Paul, Vicky and daughter Michelle - Whenever we've said that we're trying to reduce her dosage, she has always been happy about that, because I don't think she likes the taste in her mouth.
Vladamier - He still goes through spates, I guess as anyone does, where he thinks "I'm back to superman and I can do without it." And he's pulled back into line just by his physical condition. He has now learnt to recognise the warnings early enough before the bad time starts.
Marilyn - I found it much easier when the boys were younger and I was in full control of their medication, because I knew that they had exactly what they needed. Now, having to step back and let them take their own medication, I have to also stand back and let them get asthma and see how it feels and help them understand that it's a direct result of not taking their medication. That's not easy as a parent, but it's part of the learning curve of passing on that ownership from me to them - because it is their condition.
Matthew (has asthma) - If I go out to the movies with my friends, when I'm a teenager, I have to take my medicine. If I forget it, I might have an asthma attack or something, and mum won't know. So I have to take responsibility with my asthma.
Gemma (has asthma) - It sort of makes you feel like you can go anywhere and you'll be fine, because you can take care of your asthma and yourself.
Lavinia and Geoff - Sometimes she doesn't want to do it all, and we just remind her and have a bit of a chat.
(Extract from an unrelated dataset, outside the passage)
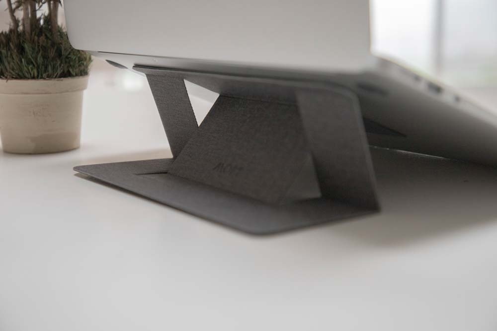 Łączy się z laptopem w sposób niemal niewidoczny, jest prosta w montażu i demontażu. Umożliwia szybkie otwieranie i zamykanie, pozostając zamocowana na czas mobilnego użytkowania. Przeznaczona do laptopów o przekątnej od 11,6 do 15,6 cala i nośności do 8 kg. Niezalecana do modeli z otworami wentylacyjnymi w miejscu przylegania. Waga 65,7 grama, grubość 3,04 mm; wykonana z PU i włókna szklanego dla zapewnienia wytrzymałości i stabilności. Produkt łatwy do demontażu i ponownego zamocowania. Dwa tryby pracy: wysoki — do pozycji siedzącej, niski — dla odciążenia nadgarstków. Dostępna w kolorach: złotym, szarym, różowym i srebrnym.

And then she gets it all together, and off she goes again and does the right thing. As she grows, things change. Different issues come into it. Like now, we'll probably get "What will my friends think?", whereas we've never really had that before. Before we've had "But it takes too much time!" and "I'm busy, I'm doing such and such." So there's different issues to deal with along the way and it'll be interesting to see what the next issue is and whether we can cope with it.
Lavinia and Geoff - Plus we've got different medications now too. We experimenting with other medications, stuff like that. Gemma probably doesn't get the full gist of it, so we need to remind her of why she is taking it.
Lavinia and Geoff - Yeah, taking a tablet like the singulair, doesn't really feel like you're treating your asthma. So it's hard to remember that taking that is important, because you're not breathing it in, and into your lungs and getting an instant effect. So it was easy for her to forget that you need to take that each night.
Vladamier - We just said "Righto, this is the way to do it. Thousands of other people have done it this way before. The pluses far outweigh the minuses. Let's get on with it.